Wednesday, June 17, 2009

Rotational Seismology Explained - II

Part 1

If you want to measure a gravity wave, you just need a big block of concrete embedded in an underground cavern of jello, fully instrument it, and wait. This block has accelerometers and ring gyros to measure the rotational components, as it shakes in the jello.

Problem is that this nasty earth has all those earthquakes! And you can't easily filter out the effects of seismic waves. And really, you need a whole bunch of blocks in jello to detect a gravity wave. Thus, they developed the sensitive rotational sensors that you need for the task, both for the block, and the rock all around it.

Look at this guy just preparing the glass block for a ring laser! These things are expensive!
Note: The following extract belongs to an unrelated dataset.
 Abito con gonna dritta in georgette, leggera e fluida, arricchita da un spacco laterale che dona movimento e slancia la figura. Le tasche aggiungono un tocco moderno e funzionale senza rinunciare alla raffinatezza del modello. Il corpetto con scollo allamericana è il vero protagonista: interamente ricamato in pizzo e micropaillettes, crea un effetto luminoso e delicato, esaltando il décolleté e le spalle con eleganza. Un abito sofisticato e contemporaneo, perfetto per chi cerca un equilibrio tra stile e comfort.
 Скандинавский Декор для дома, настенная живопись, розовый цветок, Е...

Ok, they got the cost down by using fiber loops, and other little tricks. Now they can be dispersed in the field, but what are we looking for?

One reason that a ring laser may be quite good for gravity waves is that we generally can't expect rotational waves in the rock. A real torsion wave is something we propagate down a cylinder by twisting one end rapidly. The pure rotation can only be measured at the centre, and out from there we get a mixture of translation and rotation. Torsion waves are almost impossible to propagate in an elastic half-space (which is the earth).
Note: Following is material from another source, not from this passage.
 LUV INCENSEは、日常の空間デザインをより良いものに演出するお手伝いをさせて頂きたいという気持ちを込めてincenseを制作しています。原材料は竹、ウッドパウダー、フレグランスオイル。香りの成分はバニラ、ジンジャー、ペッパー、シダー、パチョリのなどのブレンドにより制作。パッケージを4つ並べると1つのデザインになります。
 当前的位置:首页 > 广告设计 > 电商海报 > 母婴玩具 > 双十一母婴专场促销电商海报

Nope, our seismic waves are plane waves, which set up a front and propagate rapidly. For the shear wave there will be out-of-plane rotations, and they might be interesting to measure, but the amount of rotation falls directly from the plane wave equations, and translational measurements are most likely enough.

You can get complex rotational waves and effects right near a complex fault, where all the plane waves intersect, and I can imagine a tight rotational wave propagating for a short time. This makes life more deadly near a fault, and would be a good place for these new sensors.

In fact, any complexity will start things 'spinning'. A soil basin could easily hold a rotational wave, imagine a bowl of jello that you suddenly twist. Like a cylinder wave, the maximum vertical axis rotation would be at the centre of the basin. There would be horizontal axis rotation with surface waves.

It is with surface structures, that there is observable rotation. Images just as these have haunted 'rotation fans' for generations.
I don't think much of this, but some people do. Nevertheless, when a building starts to rock, things become much worse. Rotational sensors could sort some of this out.

End.

2 comments:

Anonymous said...

The Ire of Bob I & II
Well they say you can’t teach old dog new tricks. But you are slowly coming around. At least you realize the need for rotational monitoring in structures. Good, the BSSA edition deals with civil engineering. In fact Prof. Trifunac has been writing papers for years. The community has finally accepted it after about 9 years. Now they are all chairmen’s of international committees and editors (i.e. the BSSA special edition).

You need to retract the need of field rotational monitoring as “bunk”. Then the Ire of Bob will become Happy Bob. It is unfortunate that others cannot view my comments. Only you.

Obviously you are familiar with Dr. Grazier wave formula. Every axis includes a rotational component, which forever has been ignored because it could not be measured. The rotational motion is much smaller amplitude than translational components. So when doing the math trying to derive rotations the error becomes lager than the motion. Not to mention the errors from not having clone translational seismometers (electrical and mechanical which is impossible).

Now throw out the math theory and concentrate on the real world. Actually measure pure rotational motion immune to translational motion. Combine that rotational sensor with a translational sensor and wal-la you have all 6 DOF.

Correct for earthquake applications you need to be close to the source because of the attenuation factor. BUT that is a function of frequency. The lower the frequency say 20 seconds the less the attenuation distance. Think of teleseisms

Hence the introduction of the R-1 field seismometer that can be deployed in all seismic networks one would be able to record all 6DOF relatively close to the source.

Therefore the math of double integration is gone (not counting the errors of the difference in translational sensors), and proven by actual measurements in the field. Read the BSSA.

The ring gyro photo was nice. But the one at LMU in Germany is 5 times as large. They are BIG and expensive in the $100,000 USD range. Not made for the field (close in). The R-1 is a low cost field rotational seismometer designed for field use. The R-2 has even better specifications and self-calibration that should be released soon.

Face it; this is the future and the next level of research in seismology and civil engineering in the last 20 years.
That is why the BSSA published the special edition which you said “bunk”.
Bob

Harold Asmis said...

Whatcha talkin' 'bout Bob? Everybody sees your comments, and see what an idiot I am. I wouldn't have it any other way!